Life is an unending succession of learning. People come into your life and sometimes it’s, “What the hell were my lessons supposed to be in all THIS?!” Hopefully you figure it out so you can let them go and carry on with life. But sometimes the people who come into your life are the ones with a lifetime of lessons for you because they’re your parents. The past couple of years the lessons thrown my way have been confusing and difficult; life’s version of tragicomedy. Thank goodness for my dark-humor gene that keeps me going when life is less than fun.
My dad. My dad gives unconditional love. No matter what you needed; whenever or wherever…he was there for you. He never judged you even when you did really stupid stuff and, just like me, he has a wicked sense of humor. My earliest memories of him embrace his gift of music. He would play his guitar and sing in the upstairs hall when we were wee tots trying to go to sleep. I loved listening to him sing. Our camping adventures always included him & his guitar with music & singing around the campfire. Good times. I respected him a lot while growing up.

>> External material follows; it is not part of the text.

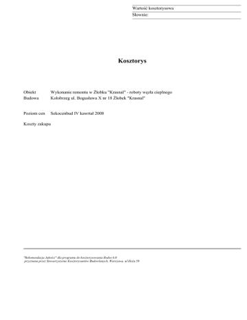 Wartość kosztorysowa Słownie: Kosztorys Obiekt Budowa Wykonanie remontu w Żłobku "Krasnal" - roboty węzła cieplnego Kołobrzeg ul. Bogusława X nr 18 Żłobek "Krasnal" Poziom cen Sekocenbud IV kawrtał 2008 Koszty zakupu "Rekomendacja Jakości" dla programu do kosztorysowania Rodos 6.0 przyznana przez Stowarzyszenie Kosztorysantów Budowlanych, Warszawa, ul.Hoża 50 Rodos 6.0.23.1 [7297] - Rekomendacja SKB Strona 2/6 Przedmiar Wykonanie remontu w Żłobku "Krasnal" - roboty węzła cieplnego Nr Podstawa Opis robót 1 2 Jm Roboty budowlane i instalacyjne Pomieszczenie węzła cieplnego Rozebranie podłoża z betonu żwirowego o grubości do 10cm 0.055 razem m3 m3 0,055 0,055 razem m2 m2 64,676 64,676 m 10,700 m2 m2 16,800 16,800 szt 12,000 m2 m2 16,800 16,800 t 0,680 t t 2,720 2,720 szt szt 2,000 2,000 kpl 1,000 szt 1,000 m 11,400 szt 14,000 urządz 53,000 podejść 2,000 szt 4,000 szt 3,000 m2 8,750 Malowanie dwukrotne z przygotowaniem powierzchni ścian i sufitów farbą emulsyjną (5,88+2,86)+(5,88+2,86)*2*3,20 3 Malowanie dwukrotne rur wodociągowych i gazowych o średnicy do 50mm 4 Środek gruntujący 16,80 razem 5 Ilość Lakierowanie jednokrotne emalią olejną lub ftalową (syntetyczną) elementów o powierzchni do 0,5m2 6 7 8 9 Posadzki cementowe wraz z cokolikami zatarte na gładko grubości 5cm 16,80 razem Wywóz złomu z terenu rozbiórki samochodem skrzyniowym na odległość do 1km z załadunkiem i wyładunkiem ręcznym 11 Wywóz złomu z terenu rozbiórki samochodem skrzyniowym na odległość do 1km - nakłady uzupełniejące za każdy dalszy rozpoczęty km odległości ponad 1km 0,680*4 razem Montaż opraw oświetleniowych na gotowym podłożu z podłączeniem, bryzgoodpornych, strugoodpornych, porcelanowych przykręcanych końcowych- lampy sufitowe hermetyczne 2 razem Uruchomienie węzłów wodnych c.o. 12 Demontaż podgrzewacza o pojemności do 250dm3 13 Demontaż rurociągu stalowego czarnego średnicy 65-80mm łączonego przez spawanie 14 Spawanie czołowe belek stalowych dwuteowych o wysokości do 160mm-ciecie palnikiem elementów metalowych 15 Próby instalacji centralnego ogrzewania na gorąco bez regulacji 16 Dodatki za wykonanie podejść odpływowych z PCW o połączeniach wciskowych, o średnicy 50mm 17 Demontaż zaworu zaporowego i redukcyjnego o średnicy 65-80mm o połączeniu kołnierzowym 18 Zawory grzejnikowe o średnicy nominalnej 20mm 19 Izolacja rurociągów o średnicy zewnętrznej do 55mm, jednowarstwowa matami z wełny mineralnej na welonie szklanym grubości 40-50mm 10 Rodos 6.0.23.1 [7297] - Rekomendacja SKB Strona 3/6 Kosztorys Wykonanie remontu w Żłobku "Krasnal" - roboty węzła cieplnego Nr Opis robót, nakłady 1 2 3 4 5 Roboty budowlane i instalacyjne Pomieszczenie węzła cieplnego Rozebranie podłoża z betonu żwirowego o grubości do 10cm 0,055 m3 Robocizna Robotnicy gr.I Razem pozycja Cena jednostkowa Malowanie dwukrotne z przygotowaniem powierzchni ścian i sufitów farbą emulsyjną 64,676 m2 Robocizna Robotnicy Materiały Farba emulsyjna nawierzchniowa Szpachlówka gipsowa z dodatkami farby emulsyjnej Materiały pomocnicze Razem pozycja Cena jednostkowa Malowanie dwukrotne rur wodociągowych i gazowych o średnicy do 50mm 10,7 m Robocizna Robotnicy Materiały Farba olejna nawierzchniowa Farba olejna do gruntowania Benzyna do lakierów Papier ścierny Materiały pomocnicze Razem pozycja Cena jednostkowa Środek gruntujący 16,8 m2 Robocizna Robotnicy Materiały Środki gruntujące bez zawartości rozpuszczalników do warstwy przewodzącej Materiały pomocnicze Sprzęt Środek transportowy Razem pozycja Cena jednostkowa Lakierowanie jednokrotne emalią olejną lub ftalową (syntetyczną) elementów o powierzchni do 0,5m2 12 szt Robocizna Robotnicy Materiały Emalia olejno-żywiczna ogólnego stosowania Rozcieńczalnik Papier ścierny Materiały pomocnicze Razem pozycja Cena jednostkowa Jm Norma Ilość r-g 6,22 0,342 r-g 0,152 9,831 dm3 kg % 0,29 0,6 2 18,756 38,806 r-g 0,22 2,354 dm3 dm3 dm3 ark % 0,013 0,014 0,006 0,2 2 0,139 0,150 0,064 2,140 r-g 0,103 1,730 kg 0,125 2,100 % 1,5 m-g 0,0022 0,037 r-g 0,116 1,392 dm3 dm3 m2 % 0,0305 0,006 0,0194 1,5 0,366 0,072 0,233 1,0217 0,0845 17,165 1,420 0,0011 1,5 0,018 6 0 Razem pozycja 7 Posadzki cementowe wraz z cokolikami zatarte na gładko grubości 5cm 16,8 m2 Robocizna Posadzkarze gr.II r-g Robotnicy gr.I r-g Materiały Cement portlandzki 25 z dodatkami t Materiały pomocnicze % Cena Robocizna Materiały Sprzęt Rodos 6.0.23.1 [7297] - Rekomendacja SKB Strona 4/6 Kosztorys Wykonanie remontu w Żłobku "Krasnal" - roboty węzła cieplnego Nr Opis robót, nakłady Sprzęt Wyciąg Środek transportowy 8 9 10 11 12 13 14 Razem pozycja Cena jednostkowa Wywóz złomu z terenu rozbiórki samochodem skrzyniowym na odległość do 1km z załadunkiem i wyładunkiem ręcznym 0,68 t Robocizna Robotnicy gr.I Sprzęt Samochód skrzyniowy 5t Razem pozycja Cena jednostkowa Wywóz złomu z terenu rozbiórki samochodem skrzyniowym na odległość do 1km - nakłady uzupełniejące za każdy dalszy rozpoczęty km odległości ponad 1km 2,72 t Sprzęt Samochód skrzyniowy 5t Razem pozycja Cena jednostkowa Montaż opraw oświetleniowych na gotowym podłożu z podłączeniem, bryzgoodpornych, strugoodpornych, porcelanowych przykręcanych końcowych- lampy sufitowe hermetyczne 2 szt Robocizna Elektromonterzy gr.III Materiały Oprawy Klosze Żarówki Materiały pomocnicze Razem pozycja Cena jednostkowa Uruchomienie węzłów wodnych c.o. 1 kpl Robocizna Robotnicy Materiały pomocnicze (od R) Razem pozycja Cena jednostkowa Demontaż podgrzewacza o pojemności do 250dm3 1 szt Robocizna Robotnicy Razem pozycja Cena jednostkowa Demontaż rurociągu stalowego czarnego średnicy 65-80mm łączonego przez spawanie 11,4 m Robocizna Monterzy instalacji sanit. i ogrzew. gr.II Spawacze gr.II Robotnicy gr.I Materiały pomocnicze (od R) Razem pozycja Cena jednostkowa Spawanie czołowe belek stalowych dwuteowych o w

I remember the first time during a post college conversation when I thought, “Wow dad, you’re a really intelligent man but I totally disagree with you on some of your views.” I have no idea what we were talking about but I laugh now at how I felt; with my disillusionment that my dad was no longer ‘perfect.’ It’s good to let your parents be human with flaws…which brings me to the current life lesson. Parent’s become elderly and ancient…roles get reversed, even if you go into it kicking and screaming like a two year old.
I was still raising my own kids when it started. The ancient’s mental age seemed to regress. At one point it felt like they were the same age as my teenagers. They needed guidance but were stubborn with my sage words of wisdom. Advice they should be following but not doing. Thank god my kids had already taught me how to let go of the people you love. It’s their life and their life lessons. It can be painful watching them learn the hard way but…it’s their life, not yours. I’m a strong believer in consequences and what they can teach you. My dad’s refusal to take care of himself for health’s sake has ended him up in the hospital, long term.
The steady decline of his physical & mental health has been nerve-wracking to say the least. I did not and do not like the role of being parent to my parents; much like the early years of parenting when you want to pull your hair out. Thank god for Gary. He tag teams with me and when I’m ready to have a meltdown he takes over so I can decompress or cry. I had a hard time accepting that my parents are no longer the people who raised me. It was a hard lesson to learn and move on. Yesterday I learned another valuable lesson.
My anger at my dad has been transferred to the medical personnel that don’t know how to fix him anymore because their drugs no longer work. As a natural healer, I want vitamins & minerals put back into a body that is probably deficient at this point of a necessary balance for a human body to function properly. That won’t happen in a hospital. Natural remedies could heal what the drugs can’t. They don’t do natural. I can’t do anything about it so I have to let go. It hasn’t been easy, it’s been painful. I don’t want to be angry anymore with the man my dad has become. I still love him. I finally realized that after a lifetime of taking care of his large family, he wanted to be taken care of. The sad part is, the route he chose is killing him…slowly. I’m no longer angry with him. I’ve had time away while other family is taking over so I have breathing room to think…and let go.
I love you dad. Thank you for all you’ve taught me.